El presidente de Brasil, Michel Temer, retrocedió y revocó el polémico decreto que había ordenado el despliegue de tropas militares en la Explanada de los Ministerios en Brasilia.
La decisión, lejos de ser la demostración de principios de un estadista, es una respuesta política al rechazo que generó la medida, motivada más por el temor de que se precipiten hechos que lo alejen del poder que por una amenaza real a la seguridad en las sedes del poder ejecutivo nacional.
El presidente requirió sólo unas horas de protestas –es cierto, con algunos focos de violencia como el incendio en el hall del Ministerio de Agricultura- para echar mano de una herramienta que, por cualquier gobernante, sería vista como un último recurso: la movilización de militares y el traspaso de tareas de seguridad nacional a las tropas.
Cabe recordar que Brasil, como nuestro país, vivió una cruenta dictadura militar. A diferencia de Argentina, los genocidas no fueron juzgados por cometer delitos de lesa humanidad. Es más, existen organizaciones de militares retirados que reivindican el terrorismo de Estado. Esas organizaciones participaron activamente en las marchas contra la presidenta Dilma Rousseff, marchas en donde muchos –no todos- manifestantes civiles portaron carteles pidiendo el regreso del gobierno militar.
Estos elementos, sumados a la brutal represión documentada por movimientos sociales y medios de comunicación, hicieron que el decreto firmado por Temer encendiera las alarmas.
Pero la militarización de Brasilia no es sólo el reflejo de un presidente que se siente cómodo empleando mecanismos represivos.

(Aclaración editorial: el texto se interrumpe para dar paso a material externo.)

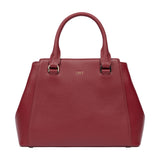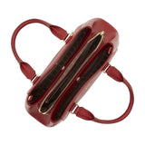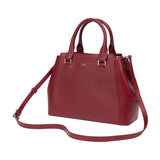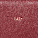 This is a classic city tote bag in maroon light grain red leather. This bag features three seprate zips to the interior compartments, perfect for everyday amenities and essentials. A classic boxy design, this bags features both a top handle and detachable shoulder strap with decorative gold-fold embellished DAKS logo.

Es, también, la señal más evidente de un gobernante que vislumbra en soledad su caída.
El jueves de la semana pasada, horas después de que saliera a la luz la grabación de Joesley Batista que vinculan al mandatario brasileño con sobornos, la dimisión de Temer se daba por descontada. Sorprendió, entonces, con un anuncio de prensa en el que proclamó “No renunciaré”.

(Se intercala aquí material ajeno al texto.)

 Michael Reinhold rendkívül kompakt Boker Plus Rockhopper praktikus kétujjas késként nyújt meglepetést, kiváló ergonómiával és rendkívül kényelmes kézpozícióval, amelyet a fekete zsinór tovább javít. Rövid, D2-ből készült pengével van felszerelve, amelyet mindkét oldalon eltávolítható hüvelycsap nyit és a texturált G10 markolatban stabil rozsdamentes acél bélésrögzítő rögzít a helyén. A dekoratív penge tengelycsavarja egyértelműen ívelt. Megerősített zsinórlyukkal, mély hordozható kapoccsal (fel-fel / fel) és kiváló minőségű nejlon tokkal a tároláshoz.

El fin de semana, su base aliada, el poderoso Partido de la Social Democracia Brasileña (PSDB) y el derechista DEM preparaban su salida de la coalición de Gobierno. La retrasaron a pedido de Temer y a la espera del impacto que tuvieran las manifestaciones del domingo en contra del Ejecutivo. La lluvia le jugó una mala pasada a la oposición de izquierda y los movimientos sociales.
Fue una tormenta la que dio un poco más de oxígeno a Temer en medio de su huracán.
Pero el engranaje político que sostiene al mandatario quedó herido de muerte. No son secretas las reuniones y negociaciones de todos los sectores –su propio partido el PMDB, el PSDB, DEM, el Partido de los Trabajadores (PT), el establishment financiero…- para definir cómo será el proceso que lo aparte de la Presidencia.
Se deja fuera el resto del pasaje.